Namun, menjadi jurnalis keberagaman tentu memiliki tugas yang berbeda dengan jurnalis
pada umumnya. Berdasarkan workshop yang diadakan oleh Serikat Jurnalis untuk Keberagman
terdapat beberapa hal yang perlu diperhatikan sebelum meliput keberagaman dan menerbitkan
beritanya di media digital. Berikut hal-hal yang perlu diperhatikan ketika menjadi jurnalis
keberagaman:
1. Kerahasiaan Narasumber
Jurnalis keberagaman harus memahami objek yang diliput tidak bisa ditulis secara
sembarangan. Kerahasiaan identitas menjadi hak penuh narasumber dan harus dijaga oleh
reporter. Karena tidak semua orang mau identitasnya diketahui banyak orang, terlebih
mereka yang berasal dari orang-orang yang dianggap minoritas.
2. Diksi Kata
Penggunaan pilihan kata yang mewakili orang-orang yang diliput harus sesuai dengan
KBBI dan tidak menyinggung perasaan narasumber. Kata yang dipilih dalam setiap
kalimat yang ada di media juga harus jelas, tidak boleh menimbulkan makna ganda ketika
dibaca. Sehingga informasi yang disampaikan tidak disalah artikan dan menimbulkan
konflik pada beberapa pihak.
3. Netral
Menjadi jurnalis keberagaman harus bersikap netral. Di sini bisa menjadi tantangan para
santri ketika terjun untuk meliput keberagaman yang ada di sekitar. Bagaimana seorang
jurnalis mampu mengolah data dari berbagai sudut pandang sehingga mampu membuka
wawasan pembaca, bukan malah membangun perspektif yang menyudutkan.
4. Tuntas
Pemberitaan yang diliput haruslah utuh.

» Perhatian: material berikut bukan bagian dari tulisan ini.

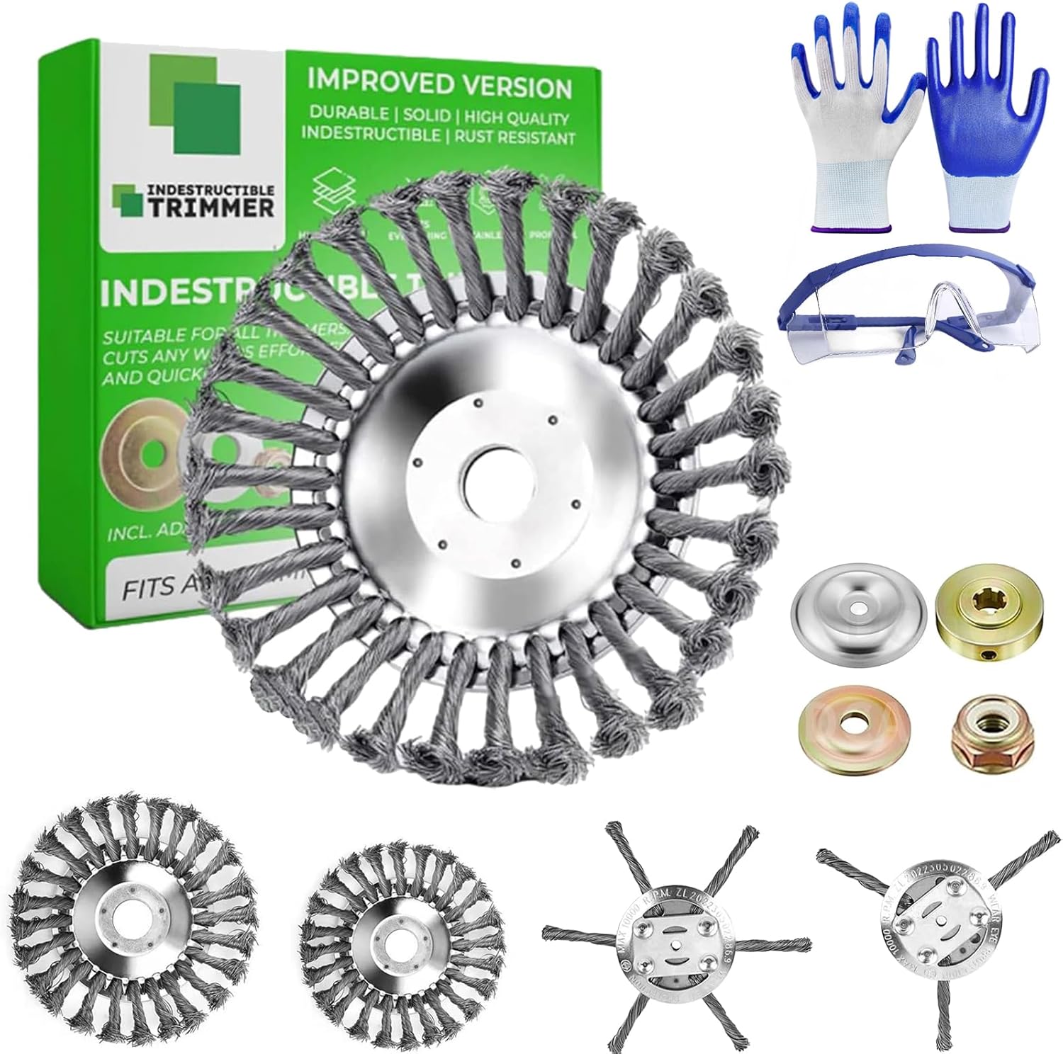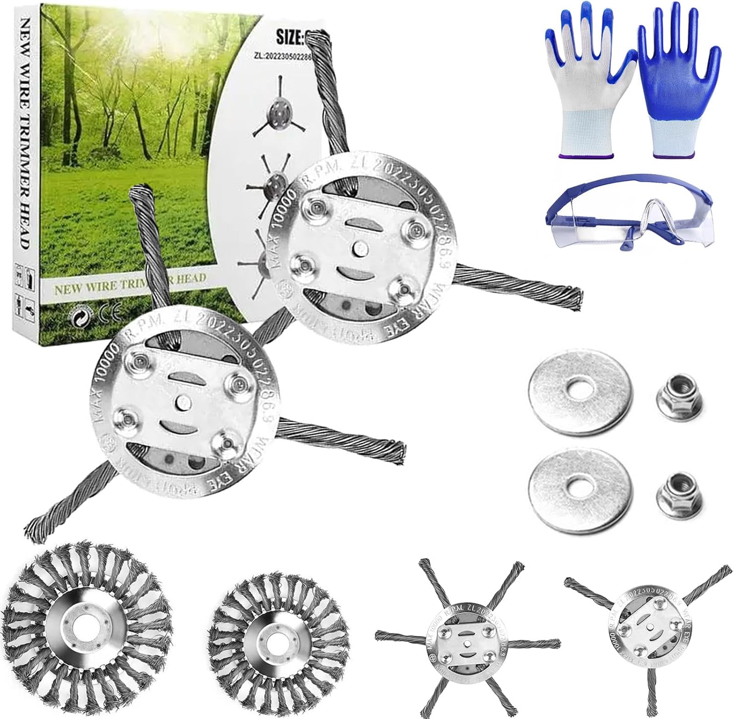 Meet the Steel Wire Grass Trimmer Head—your new go-to for wrecking weeds, clearing edges, and dominating overgrowth like a pro 🔥 Made with twisted steel wire to crush through thick weeds, grass, moss, and more—no snapping, no stalling ⚙️ Fits most gas and electric trimmers with universal arbor ⏱️ Quick install. Zero maintenance. Built to last all season (and then some) 💪 Landscaper-tested Specifications: Name: Steel Wire Grass Trimmer Head Size: 6/8/10 Inches Number Of Wire Heads: 3, 6, 30 Inner Diameter: 5 mm Product Weight: 150g Package Includes: 1/2/Pcs Universal Steel Wire Trimmer Head 1 Pair of Gardening Gloves 1pcs Goggles 1pcs Installation Accessories Notes: 1.Due to the light and screen difference, the item's color may be slightly different from the pictures. 2.Please allow slight dimension difference due to different manual measurement. 3.If you have any questions or problems with the products you received, please contact us in time.We will try to solve the problem.

Jangan smapai pemberitaan yang diliput masih
setengah-setengah sehingga menimbulkan spekulasi ganda oleh para pembaca. Mulai dari
judul yang sesuai, isi yang dipaparkan secara jelas bahkan jika perlu seorang jurnalis
harus melakukan riset untuk menunjukkan kredibilitas tulisannya.
Sebelum melakukan reportase, hendaknya santri juga harus memahami hal-hal tersebut.
Agar tujuan dari kegiatan jurnalisme keberagaman dapat tercapai secara sempurna. Dukungan
dan bantuan dari pihak pondok pesantren sendiri tentu juga dibutuhkan untuk terus mengawal
dan mengarahkan kegiatan santri ke hal-hal yang positif dan tidak menyeleweng dari ajaran
mereka.
Dengan adanya jurnalisme keberagaman oleh santri, pada akhirnya pondok pesantren
bias menjadi pelopor untuk mewujudkan progresivitas Islam. Sehingga agama Islam di Indonesia
bisa mewujudkan semboyan bangsa Bhinneka Tunggal Ika, meneggakkan HAM, dan ikut serta
dalam penjaga perdamaian di tengah banyaknya perbedaan yang ada di Indonesia.

PENUTUP
Islam sebagai salah satu agama yang ada di Indonesia, haruslah ikut andil dalam usaha
negara dalam mewujudkan perdamaian dan penegakkan HAM di Indonesia. Perannya sebagai
agama yang dianut oleh mayoritas penduduk Indonesia menjadikannya vital dalam membangun
pemikiran masyarakat yang progresif. Di samping ajaran-ajaran yang konservatif, pondok
pesantren diharapkan mampu menjadi pelopor dalam mewujudkan islam yang progresif melalui
kegiatan jurnalisme keberagaman oleh santri. Dengan memanfaatkan media digital diharapkan
mampu menyebarluaskan informasi dan ajaran Islam yang tepat guna saat diterapkan di negara
yang pluralisme seperti Indonesia.
DAFTAR PUSTAKA
Yusdani, Y. (2015). PEMIKIRAN DAN GERAKAN MUSLIM PROGRESIF. El-Tarbawi, 8(2), 146–160.